- **Work item**: Reproduce the listing in full. Omit the pictures.

- **Provided data**:
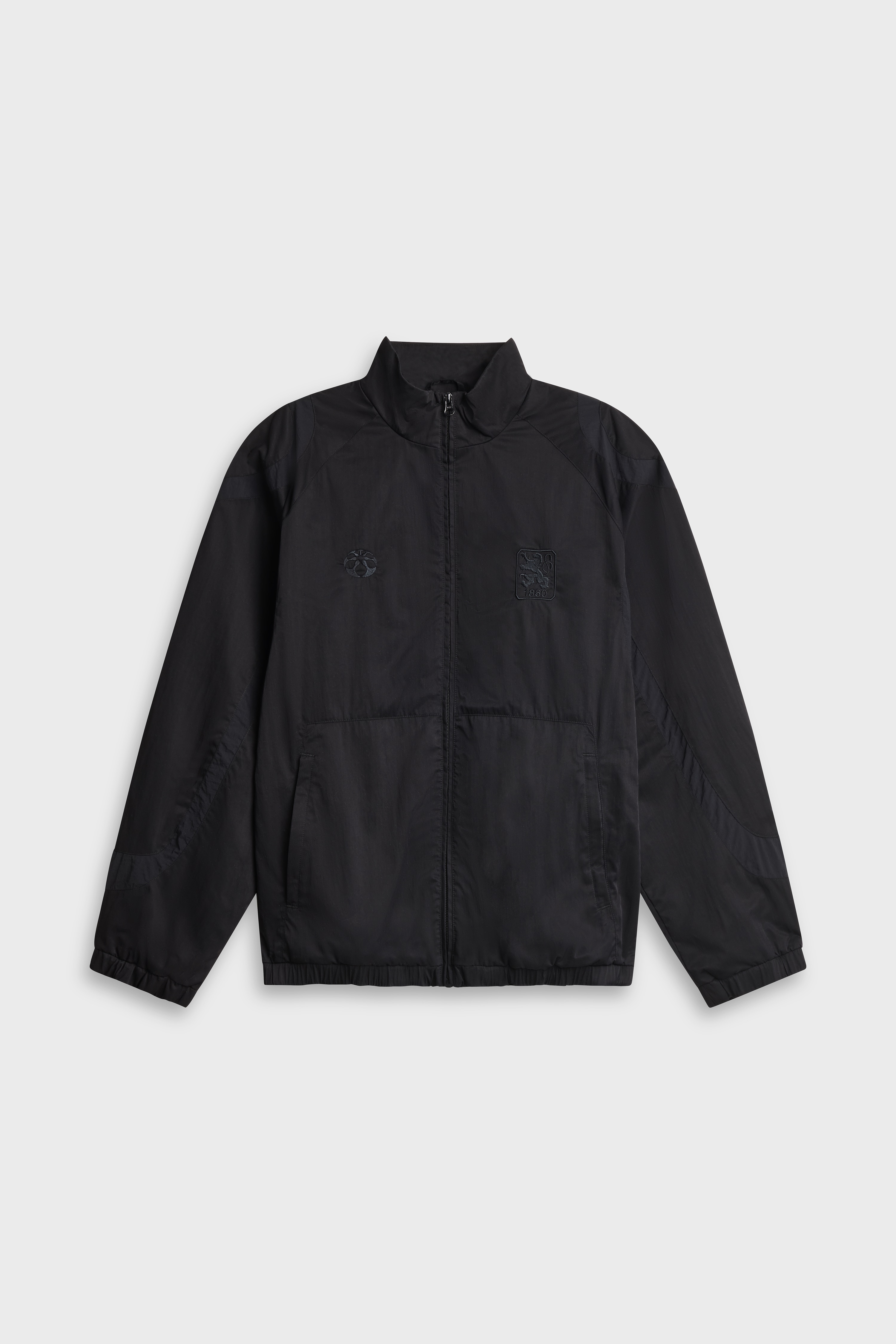 The jacket features an embroidered 1860 logo on the chest and a tonal club name with lion emblem across the back. The pants extend this language with front embroidery, a lion motif on the back, and Societas lettering along the leg. Both pieces are cut in relaxed proportions, finished with elasticated hems and functional zip pockets, and crafted from 100% recycled polyester in Turkey.
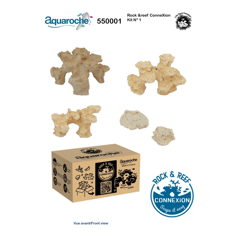 Rock&Reef ConneXion je zabaven pristop k ustvarjanju lastne dekoracije za akvarij. Vsak komplet je sestavljen iz 3 medsebojno povezljivih modulov , 1 okrogle skale in 1 ploščate skale, ki vam omogočajo, da ustvarite majhen dekor za nano akvarij . Samo dodajte dodaten komplet za razširitev dekorja!
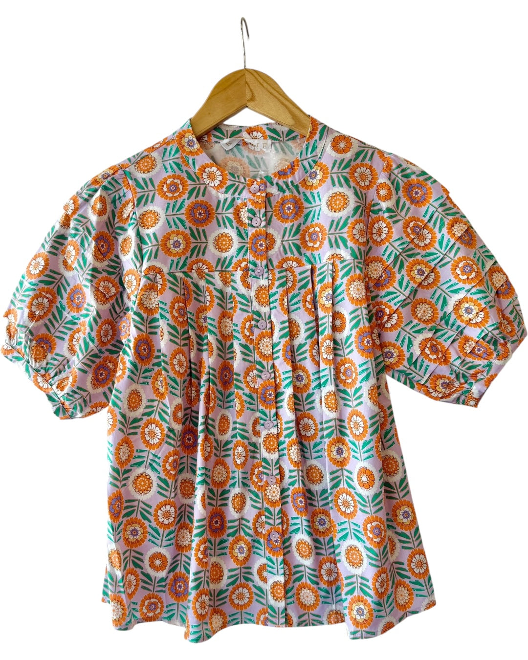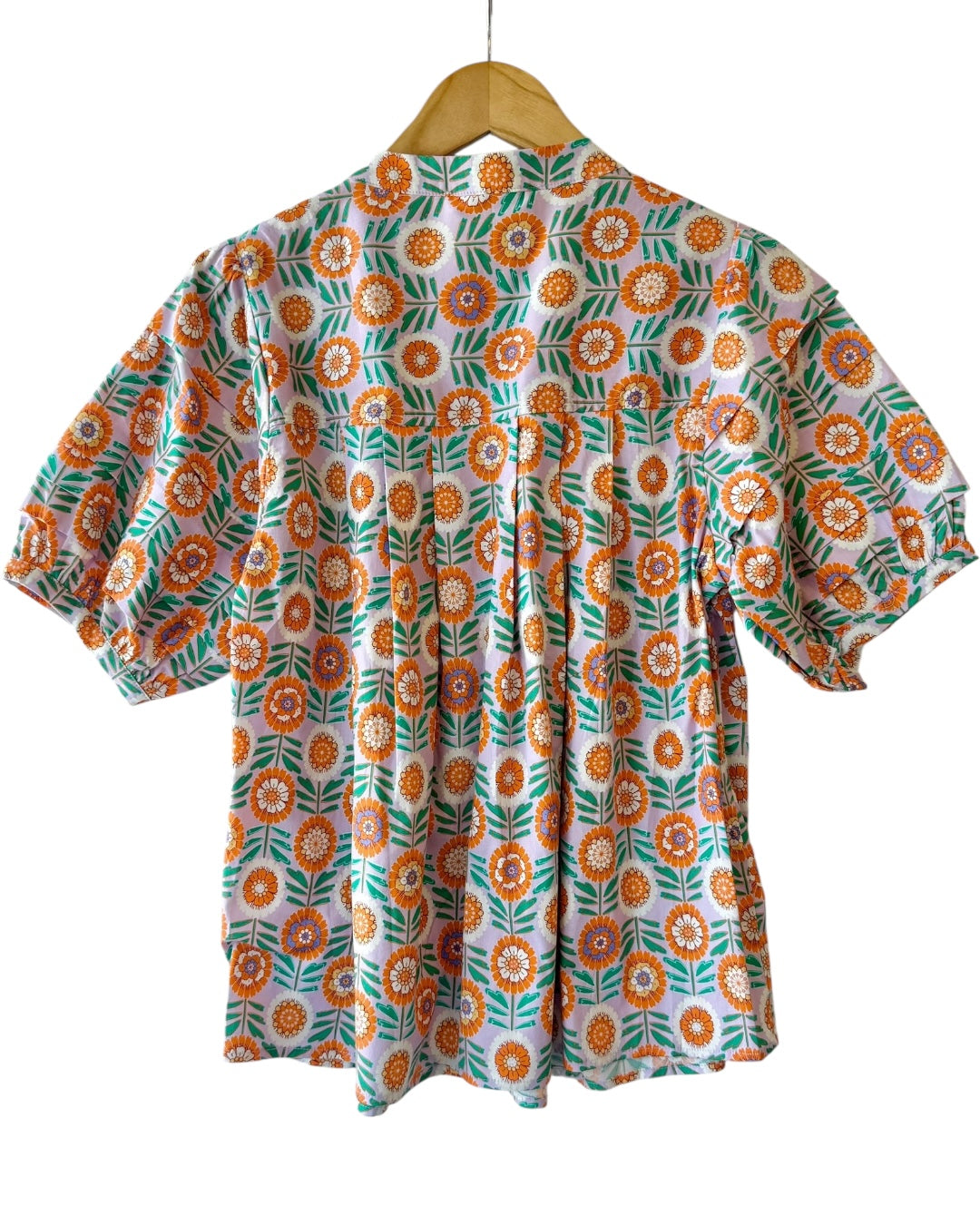 Lilac, green and orange floral print puff sleeve button down blouse. Made of 97% cotton and 3% spandex. Fitting pretty true to size. If in between, we recommend sizing down. Also available in store!

- **Exercise answer**:
 The jacket features an embroidered 1860 logo on the chest and a tonal club name with lion emblem across the back. The pants extend this language with front embroidery, a lion motif on the back, and Societas lettering along the leg. Both pieces are cut in relaxed proportions, finished with elasticated hems and functional zip pockets, and crafted from 100% recycled polyester in Turkey.
 Rock&Reef ConneXion je zabaven pristop k ustvarjanju lastne dekoracije za akvarij. Vsak komplet je sestavljen iz 3 medsebojno povezljivih modulov , 1 okrogle skale in 1 ploščate skale, ki vam omogočajo, da ustvarite majhen dekor za nano akvarij . Samo dodajte dodaten komplet za razširitev dekorja!
 Lilac, green and orange floral print puff sleeve button down blouse. Made of 97% cotton and 3% spandex. Fitting pretty true to size. If in between, we recommend sizing down. Also available in store!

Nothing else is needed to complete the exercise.